Des Pudels Kern ist bei Marx wie auch bei den Idealisten die Freiheit des Menschen. Nicht die Naturgewalten oder gesellschaftliche Zwänge sollen das Los der Individuen bestimmen, sondern ihre eigene, innere Natur sollte sich entfalten. "Und wie Schiller die freie Verfügungsgewalt des Individuums über die Vielfalt und Potenz seiner Kräfte und Anlagen in der Form ihrer ständigen Betätigung und Übung sehr treffend als Spieltrieb bezeichnet, so auch Marx", bemerkte der schillernde Marxist Leo Kofler einmal.
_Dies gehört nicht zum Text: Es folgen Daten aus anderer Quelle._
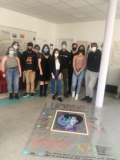 Les élèves du CVL, mais aussi ceux qui, touchés de près ou de loin par ce phénomène, souhaitaient témoigner, se sont ainsi rassemblés tous les lundis durant la pause méridienne, environ 6 mois durant. Un travail important autour du mot « harcèlement » et de la notion de projet a été effectué. A L’issue de ce travail, les élèves ont créé une affiche qui sera exposée au sein du lycée et présentée à un concours international.
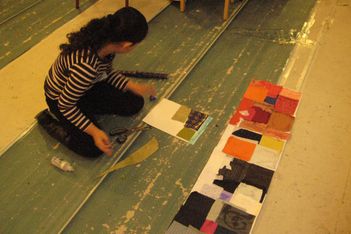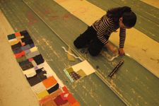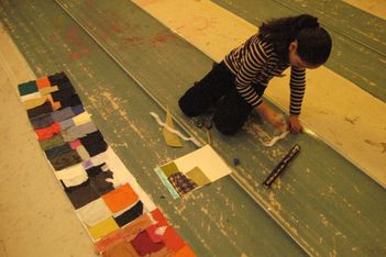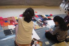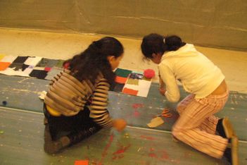 Ilham is vandaag weer door gegaan met haar textielschilderij. Eerst werkte ze alleen, later met kleine Ilham. Deze vroeg of ze mocht meehelpen.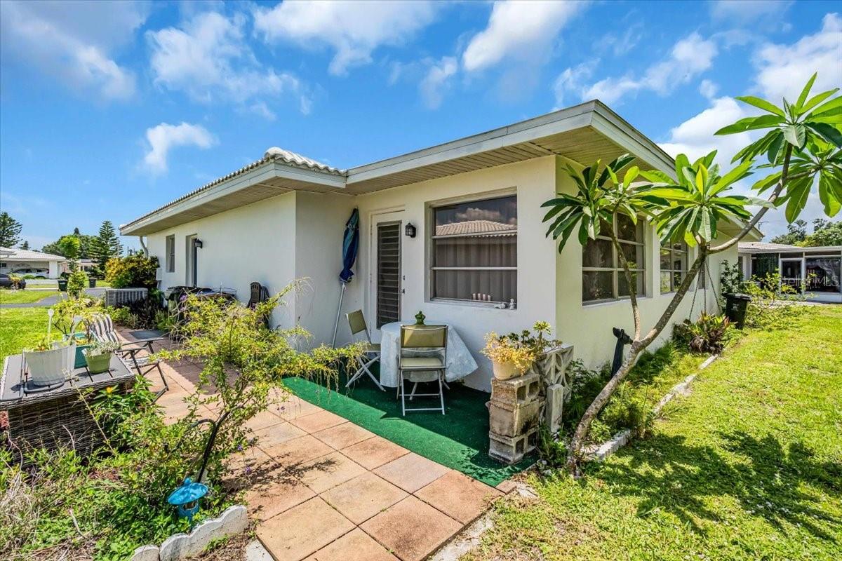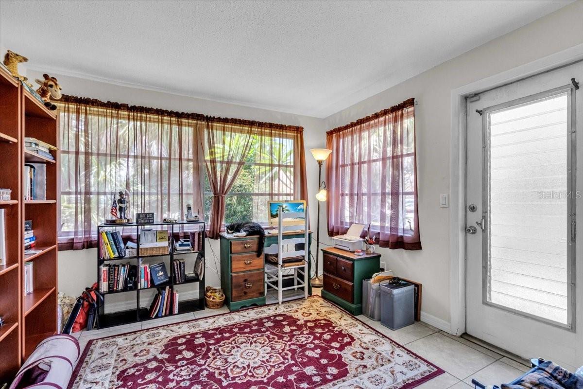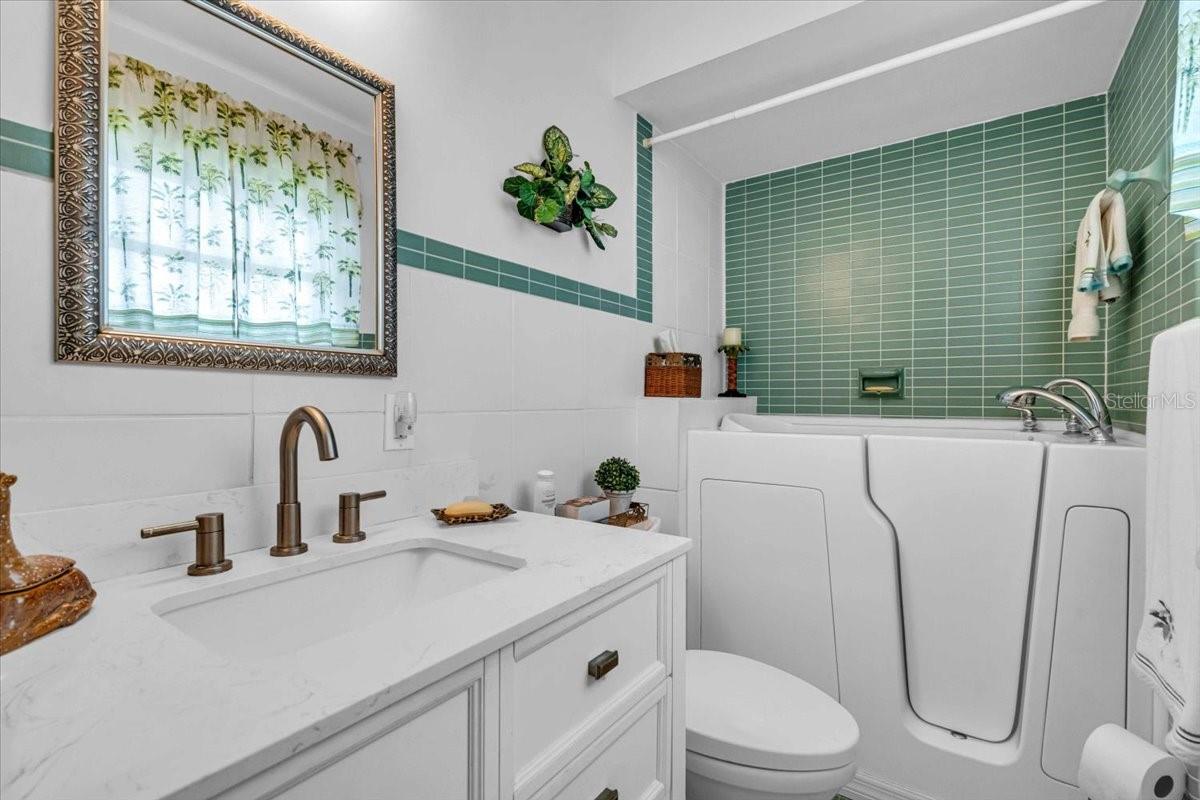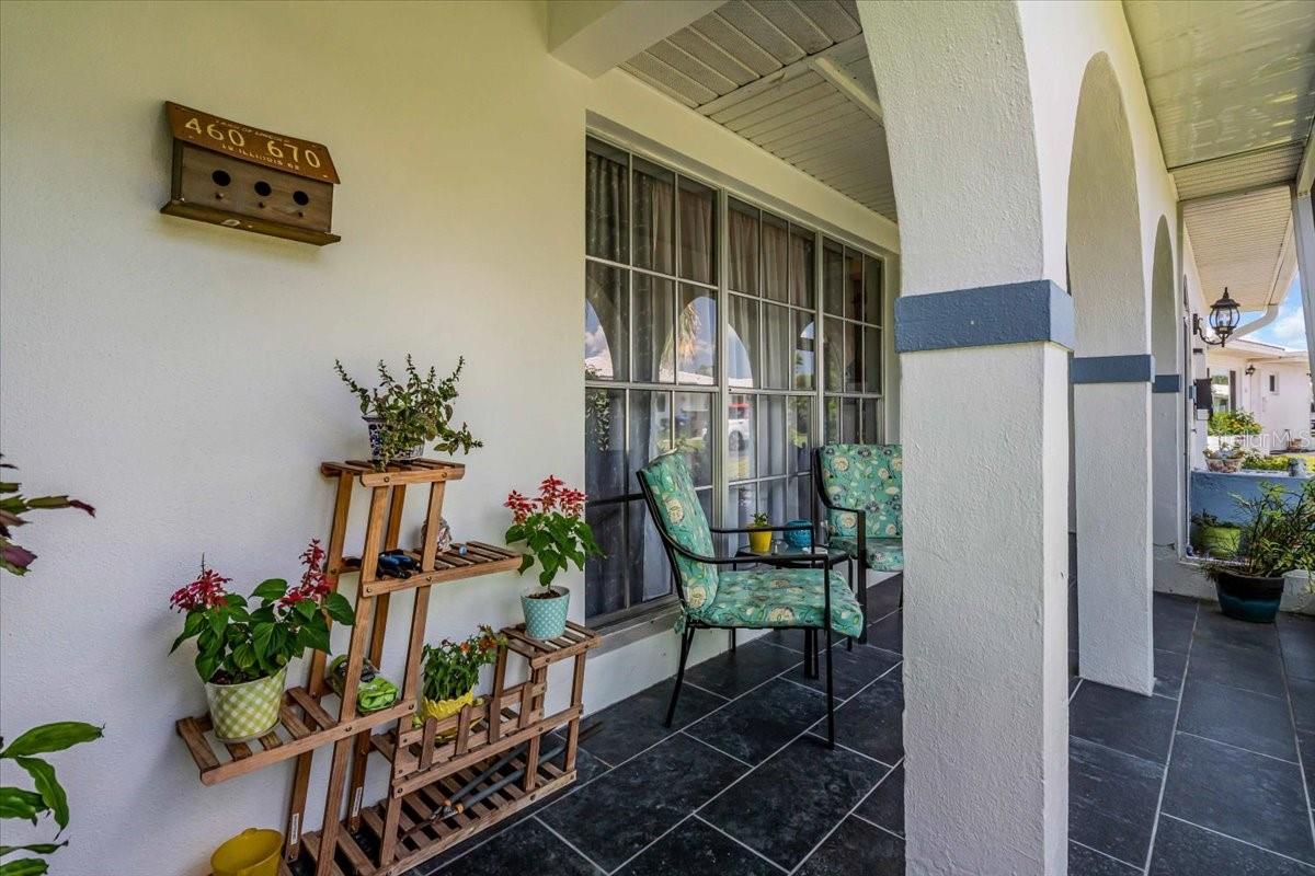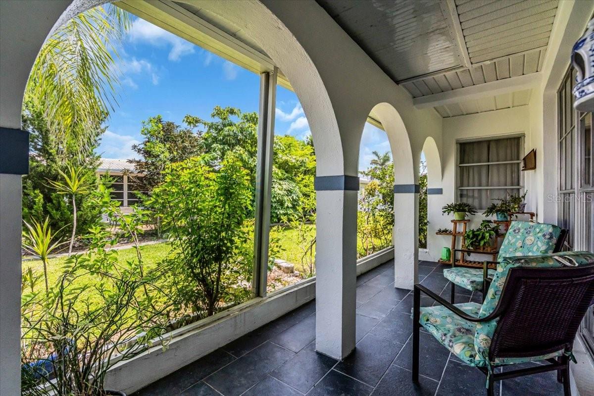 Welcome to one of the largest homes in Leisure Villas West! This home is located on a dead end street and the roads in the community are Private. This home is beautifully maintained and updated, featuring consistent tile flooring throughout. Upon entering, You'll find a spacious screened-in front porch, adorned with arched walls that showcase unique architecture. The home boasts an updated eat-in kitchen, complete with quartz countertops, a stunning glass backsplash, and stainless steel appliances that are included. The refrigerator comes equipped with an ice maker and a filtered water system, along with a deep farmhouse sink and a pantry closet for added convenience. The master bedroom is generously sized, able to accommodate a king-size bed, and includes a large walk-in closet and a jetted tub with shower in the bathroom. At the rear of the home, you'll discover a fully enclosed area that provides additional living space. There is also an outdoor patio area. If you want more privacy the community does allow fences on the property line. Leisure Villas West is a 55+ community located on a private road that is minutes to the world famous Warm Mineral Springs, shopping, gas, restaurants and more. The beaches are within 20-30 min drive. The community features amenities such as a shuffleboard court and a park/picnic area. The HOA fee is only $80 a month, which covers some exterior maintenance, lawn care, common area taxes and insurance, and road maintenance. Utilities are underground and owner states in the last 23 years she has only lost power twice. Unlike other homes in this community this updated home gives you extra living space, a garage, and 2 bathrooms. Schedule a viewing today.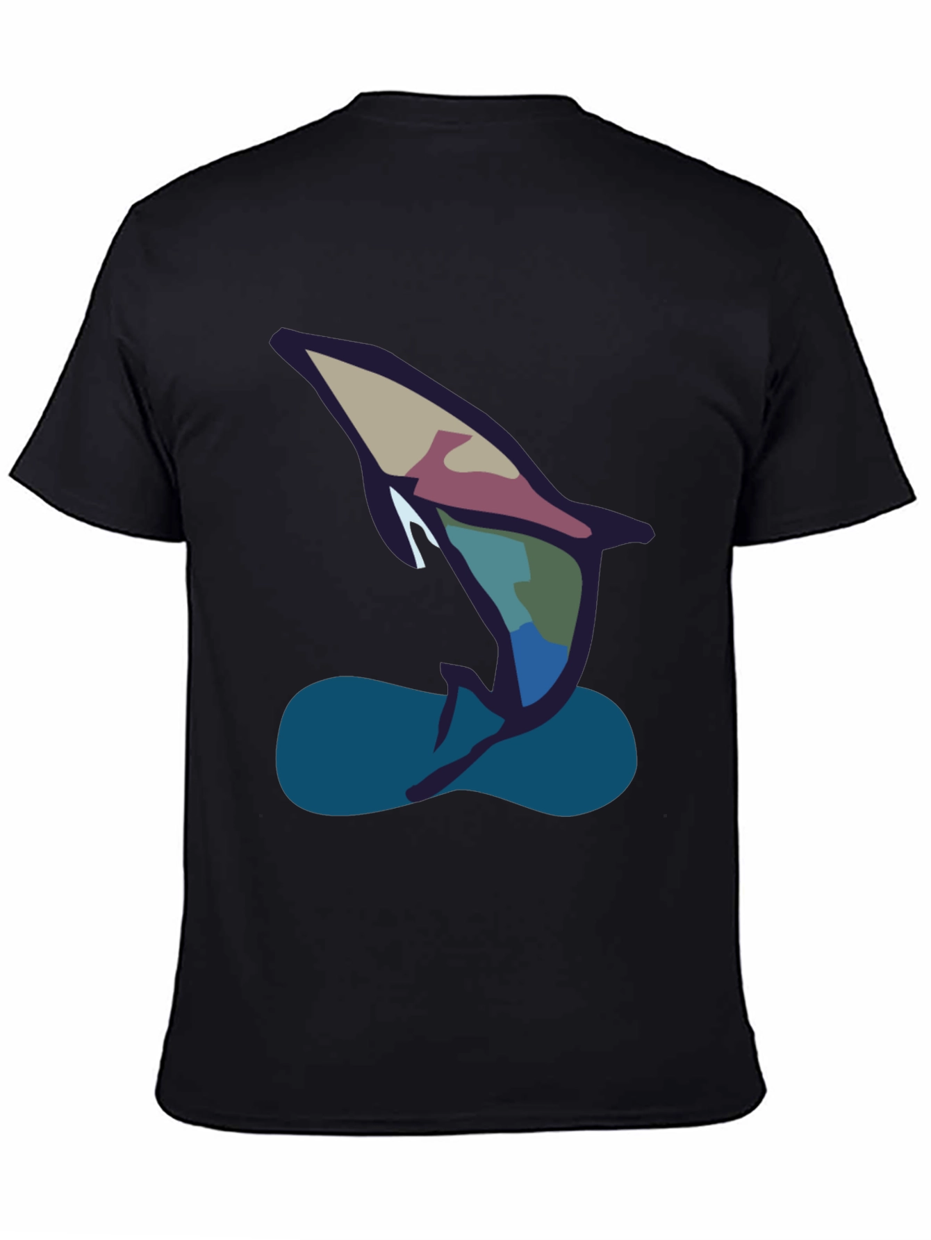 Luce esta moderna camiseta negra con un llamativo diseño abstracto de un delfín en el centro. La camiseta de corte clásico, ideal para cualquier ocasión casual. El diseño del delfín presenta una paleta de colores que incluyen tonos azules, verdes y tierra, creando un efecto visual único y moderno. Esta camiseta es perfecta para aquellos que buscan expresar su estilo personal y pasión por la vida marina. Combínala con jeans o pantalones cortos para un look relajado y con estilo. Añade un toque artístico a tu guardarropa con esta prenda distintiva.

Marx erhebt daher das "freie Spiel der geistigen und physischen Kräfte", die in der Natur des Menschen angelegt seien, zum Maß aller Dinge. Eine Gesellschaft lässt sich entsprechend daran messen, wie weit sie dieses "freie Spiel" für alle zulässt. Die Gesellschaft von heute, d.h. der Kapitalismus, schneidet da trotz aller Errungenschaften ziemlich schlecht ab. "In der kapitalistischen Gesellschaft wird freie Zeit für eine Klasse produziert", und zwar – so betont der kommunistische Ökonom – "durch Verwandlung aller Lebenszeit der Massen in Arbeitszeit."

Marx erklärt damit die kapitalistische Organisation der Arbeit zum Haupthindernis für eine Gesellschaft sich frei entwickelnder Menschen. Zugleich entdeckt er ausgerechnet im Kapitalismus selbst die Lösung des Problems: Das Anwachsen der Produktivität aufgrund der unternehmerischen Konkurrenz ermöglicht zumindest prinzipiell eine Verringerung der leidvollen Arbeitszeit zugunsten der Freizeit. Erst die hochmoderne Industrie schafft die Basis für eine Verwirklichung der idealistischen Utopie in einer Gesellschaft. Das marxistische Programm, zusammengefasst in den Worten von Friedrich Engels, klingt daher wie eine geniale Mischung aus idealistischer Philosophie und volkswirtschaftlicher Kalkulation: "Die allgemeine Assoziation aller Gesellschaftsmitglieder zur gemeinsamen und planmäßigen Ausbeutung der Produktionskräfte, die Ausdehnung der Produktion in einem Grade, daß sie die Bedürfnisse aller befriedigen wird, das Aufhören des Zustandes, in dem die Bedürfnisse der einen auf Kosten der andern befriedigt werden, die gänzliche Vernichtung der Klassen und ihrer Gegensätze, die allseitige Entwickelung der Fähigkeiten aller Gesellschaftsmitglieder durch die Beseitigung der bisherigen Teilung der Arbeit, durch die industrielle Erziehung, durch den Wechsel der Tätigkeit, durch die Teilnahme aller an den durch alle erzeugten Genüssen".

Es ist das Ideal einer Gesellschaft, die "die allgemeine Produktion regelt und mir eben dadurch möglich macht, heute dies, morgen jenes zu tun, morgens zu jagen, nachmittags zu fischen, abends Viehzucht zu treiben, nach dem Essen zu kritisieren, wie ich gerade Lust habe, ohne je Jäger, Fischer, Hirt oder Kritiker zu werden." Jedoch sei dies im Rahmen der kapitalistischen Gesellschaft undenkbar, denn ihre treibende Kraft ist nicht die unbedingte Entfaltung aller Menschen, sondern bloß ihre Entfaltung im Rahmen und im Sinne der Kapitalakkumulation. Die Organisation der Arbeit im Sinne des Kapitals verhindert sowohl eine stetige Verkürzung von Arbeitszeit als auch eine stetige Verschmelzung von Arbeit und Muße. Die meisten Menschen empfinden daher die Trennung beider als völlig normal und ihre Vermischung als abnormal, weshalb "Workaholics" und überchillige "Hippies" schräg von der Seite angegafft werden.